Why are you asking a group of strangers on the internet what they think of your personal life?

Stop asking and take a look at your life girl. What happened is considered cheating. Look it up. And not only that it happened twice ONE DAY AFTER THE NEXT, which makes the man that is to be your future husband, and father of your children, a repeat offender. HOW DO YOU FEEL ABOUT THAT. Do you trust him after this and was it a fluke, and only YOU would know that answer.

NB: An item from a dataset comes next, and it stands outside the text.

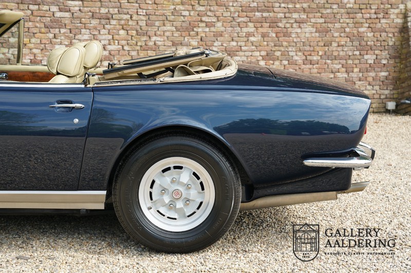 Dieses Exemplar wurde in 2019 bei dem renommierten Aston Martin Spezialisten Chris Stenton Engineering gebracht um das Auto wieder in einem Topzustand zu versetzen. Das Verdeck funktioniert wieder einwandfrei, die Beleuchtung ist wieder voll in Ordnung, die Weber Vergaseranlage wurde neu aufgebaut und eingestellt, die Räder wurden komplett überholt, alle Kraftstoffleitungen wurden erneuert, der Benzintank wurde herausgenommen, gereinigt und neu lackiert und zum Schluss wurde die komplette Lackschicht entfernt und wurde das Auto neu lackiert in der heutigen wunderschönen blauen Farbe. Zuvor wurden zuerst die amerikanische Seitenlichter entfernt und auch der Motorraum wurde komplett überholt. Das Kühlsystem wurde teils erneuert, die Klimaanlage wurde neu abgefühlt, eine neue Batterie wurde montiert und es wurden noch viele kleine Arbeiten durchgeführt. Die Gesamtrechnung lag in Höhe von 40.000,- £, aber das Endergebnis ist eine fast neue Aston Martin V6 Volante mit einer wunderschönen Farbkombination.
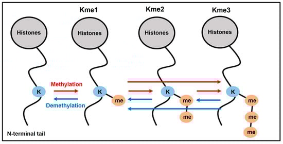 Methylation of lysine residues at the N-terminal tails of histone H3 and the lysine at the H4 N-terminus regulate major genomic functional processes [5]. Simply put, three of the lysine methylation sites have been implicated in transcriptional activation: H3K4, H3K36, and H3K79 (H3K4 and H3K36 have been associated with transcriptional initiation and elongation, respectively); and three other sites have been implicated in transcriptional repression: H3K9, H3K27, and H4K20 [6]. Each lysine residue can accept up to three methyl groups to form mono-, di-, and trimethylated derivatives (Kme1, Kme2, and Kme3, respectively) (Figure 1). Further regulatory finetuning is achieved by balancing the activity of KMT with that of lysine demethylases (KDMs) (Figure 1). This shifts the epigenetic regulatory landscape from static to dynamic. Different methylation sites can act together to ‘‘poise’’ genes, which enables rapid activation upon lineage commitment. These double-methylated, i.e., bivalent, promoters carry marks for both activation and repression, so that the definitive cell types carry marks either in support of a transcriptionally active or a silent state, thus sustaining cell fate decisions [7]. Over fifty proteins encoded in the human genome are known or predicted KMTs (catalytic SET domain KMTs) [8]; each targets a specific histone-lysine (H_K_) and catalyzes any or a combination of me1, me2, or me3 [5]. In addition, over thirty histone demethylases (KDMs) have been described in humans, which can be broadly divided into lysine-specific demethylases (LSD, including nine KDM subfamilies) and the Jumonji C (JmjC) histone demethylases [9,10]. Some methylation marks are preferentially enriched at promoters of regulatory genes that control a variety of developmental pathways. The surrounding positioning sequence, spacing, and combination of methylation marks provide the context that links the methylated sites to downstream biological functions mediated by methyl lysine-binding proteins [2].

FCK what these retards have to say, your gut instincts should matter more than one thousand of these morons' opinions, and their 'It depends on if he kisses her back' or 'Well, the first kiss might be forgivable'

I mean what b sht, and you need a whole lot more then ten days time off to think clearly. You need at least one month with NO CONTACT WITH HIM OR MENTION OF HIM AT ALL. And you need to be VERY clear with him about that. You need to let him know that you need this one month without him , AND that he MUST respect that IF there is ANY hope for you two, because this one month could decide if your first marriage is going to be part of that 50% divorce rate statistic. So don't rush this decision. Take some time so you can think clearly and find out where your heart lies.

And if you do decide to do this, you WILL feel lonely, but it's worth it because if you make the right decision, it's one month of solitude for years of happiness.

And again, if you do decide on taking a month off, and this is all up to you, you need to get your sht together and find out if you want to go back to him (which you will want to do) because you want comfort in a time of hardship, or because he is a great guy and you think that there is no other man you will ever meet in the rest of your life that you will love like you love him.

So my two cents if, don't listen to what ANYONE ELSE HAS TO say, not even me if you don't think its the right choice for you, because OTHER PEOPLE can't make decisions that YOU have to live with for the rest of your life.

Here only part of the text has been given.